Presentation on theme: "So What Do We Know? Variables can be classified as qualitative/categorical or quantitative. The context of the data we work with is very important. Always."— Presentation transcript:
So What Do We Know? Variables can be classified as qualitative/categorical or quantitative. The context of the data we work with is very important. Always think about the “Five W’s”—Who, What, When, Where, Why (and How)—when examining a set of data.
The Three Rules of Data Analysis The three rules of data analysis won’t be difficult to remember: 1.Make a picture—things may be revealed that are not obvious in the raw data. These will be things to think about. 2.Make a picture—important features of and patterns in the data will show up. 3.Make a picture—the best way to tell others about your data is with a well-chosen picture.
Qualitative Data :: Making Piles We can “pile” the data by counting the number of data values in each category of interest. We can organize these counts into a frequency table, which records the totals & category names. A relative frequency table is similar, but gives the percentages (instead of counts) for each category.

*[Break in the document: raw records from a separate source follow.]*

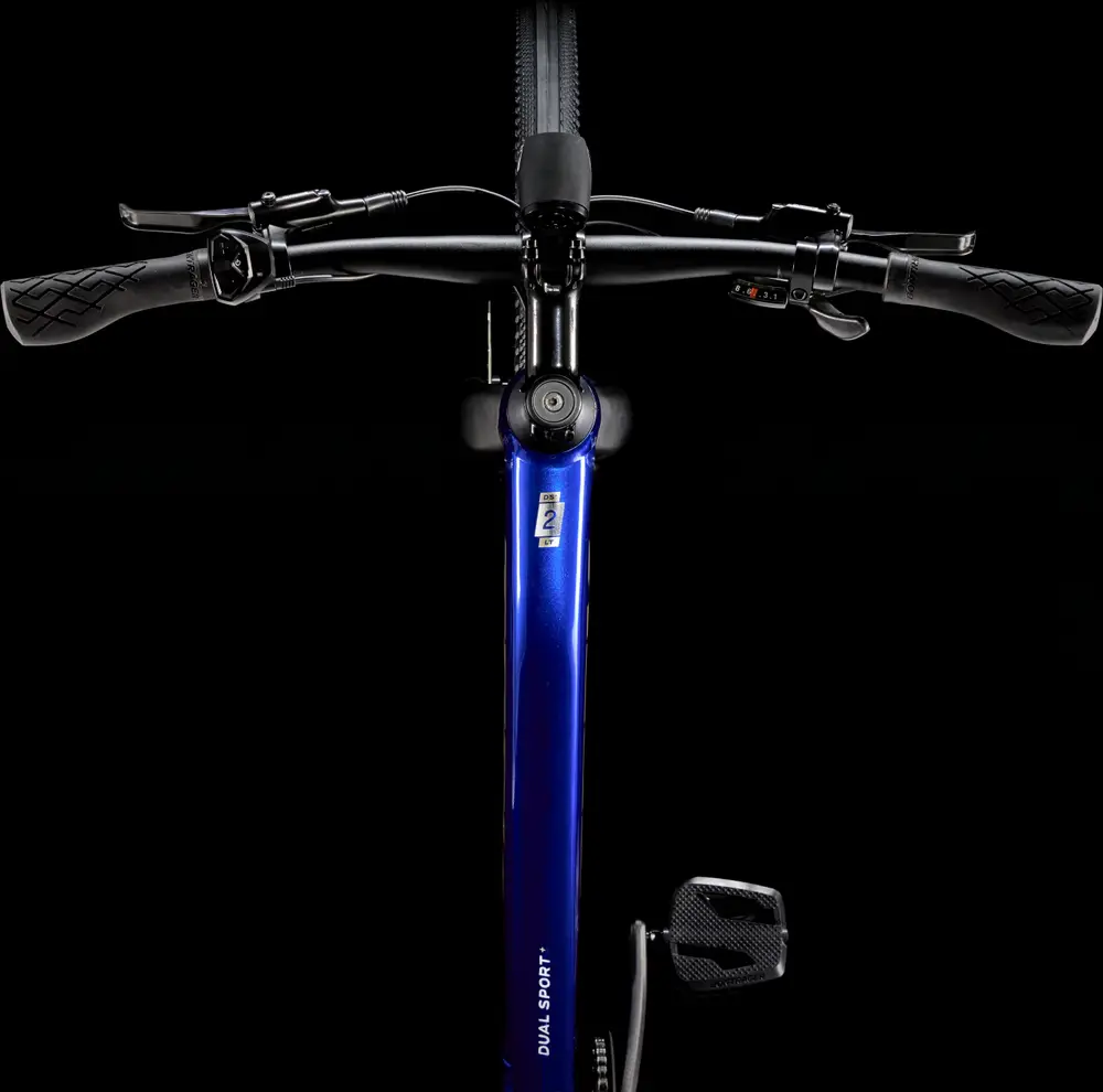 Alpha Gold Aluminium, internal cable routing, internal battery, rack and mudguard mounts, kickstand mount, BB Standard: BSA, Threaded, Colors: Hex Blue; Galactic Grey
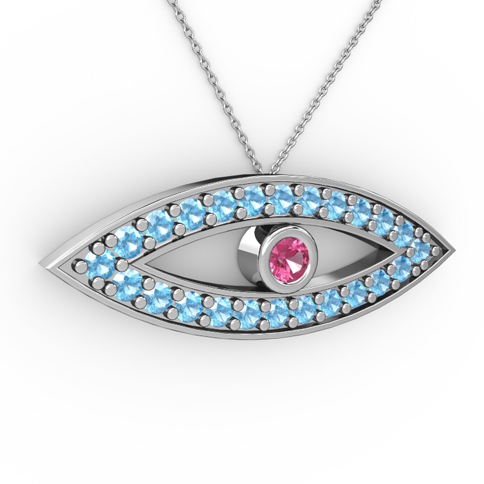 Pembe kuvars ve akuamarin 925 ayar gümüş kolye (40 cm beyaz altın rolo zincir)
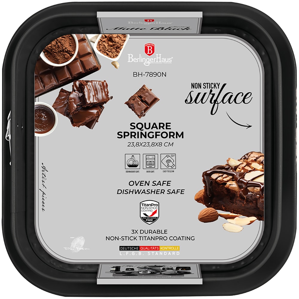 Forma de copt patrata BERLINGER HAUS BH 7890N, 28 x 28 cm, otel, negru mat
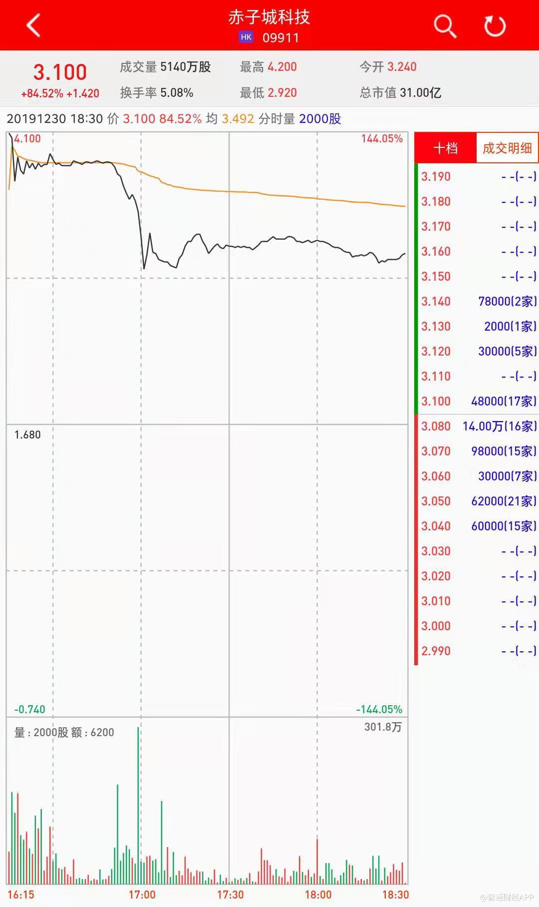 智通财经APP获悉,赤子城科技(09911)将于12月31日挂牌,截至收盘,辉立证券暗盘交易显示其报价3.1港元,较招股价1.68港元涨84.524%。每手2000股,不计手续费,每手赚2840港元。

What Do Frequency Tables Tell Us? Frequency tables and relative frequency tables describe the distribution of a categorical variable because they name the possible categories and tell how frequently each occurs. Graphs … Pie Charts & Bar Graphs (software)
A contingency table allows us to look at two qualitative variables together. Note the totals in the margins of the table. Each set of totals gives us the marginal distribution of the respective variable.
So What Do We Know? Qualitative variables can be summarized in frequency or relative frequency tables. Categorical variables can be displayed with bar graphs and/or pie charts. A contingency table summarizes two variables at a time. From a contingency table we can find the marginal distribution for each variable or the conditional distribution for one variable conditioned on the other variable.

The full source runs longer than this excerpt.